Simulated weather conditions at the VTTI. Photo by Rick Griffiths
Simulated weather conditions at the VTTI. Photo by Rick Griffiths

All of that makes the Smart Road the perfect place to test new safety approaches, whether they apply to the surfaces of our highways, the way they’re lit, or safety features built into vehicles. Active safety systems now in commercial use first saw testing on the Smart Road and other VTTI test beds, including such collision avoidance systems as backup warnings, blind spot warnings, assisted braking and forward collision warnings. As Tom put it,

“We test them on the Smart Road to determine their safety benefits, whether there were unintended consequences, and how drivers really use a system compared to how engineers thought it would be used.”
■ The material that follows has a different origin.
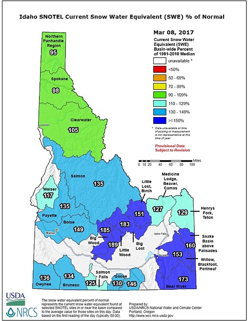 February precipitation was much above average in the Panhandle, ranging from 179 percent of normal in the Coeur d'Alene River drainage to 250 percent in the Rathdrum Creek watershed, according to the NRCS. The precipitation brought North Idaho closer to other areas of the state.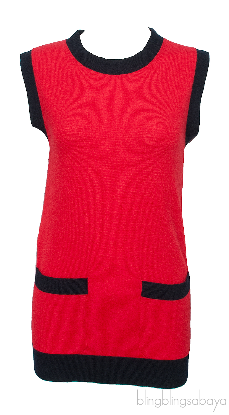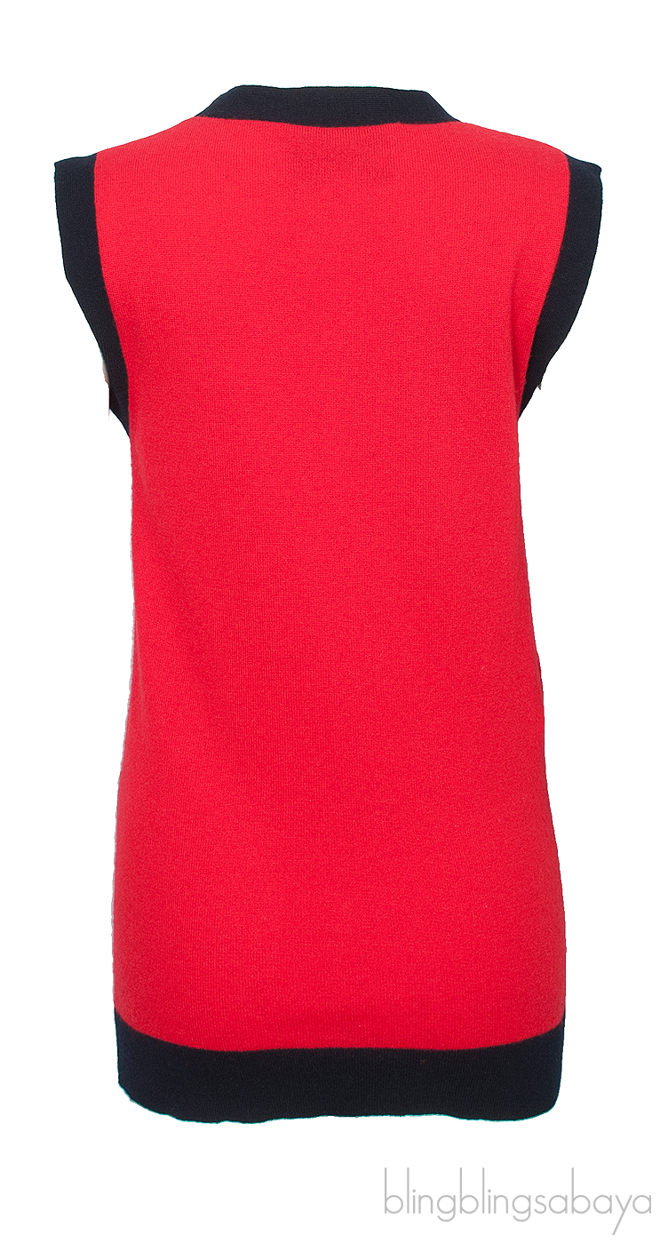 This Red Sleeveless Wool Top from Gucci is crafted in 70% Wool and 30% Cashmere. This top features a round neckline, sleeveless and hemline all trimmed in black hue and has two pockets at front.

Today, researchers are testing connected-vehicle technology on the Smart Road prior to deployment in the real world to assess the potential for safety benefits while minimizing driving distraction and information overload. VTTI is also testing automated vehicle technologies and user acceptance. Industry leaders such as Google and GM use the Smart Road to address automated vehicle topics. Law enforcement personnel use the road for emergency maneuver and crash reconstruction classes.

Technology as simple as the seat belt, coupled with strong laws and enforcement, helped to bring yearly highway fatalities down from more than 47,000 in 1965 – the year of the first national seat-belt standard – to fewer than 34,000 in 2012. Taking into account the number of miles Americans drive, the chance of a fatality has fallen nearly fivefold.

The more lessons come from state-of-the-art facilities like the Smart Road, the fewer we have to learn the hard way – from actual highway crashes. VTTI’s Smart Road is helping with research and development of the technologies, materials, and rules of the road that, together with changes in driver behavior, can make highway fatalities a thing of the past.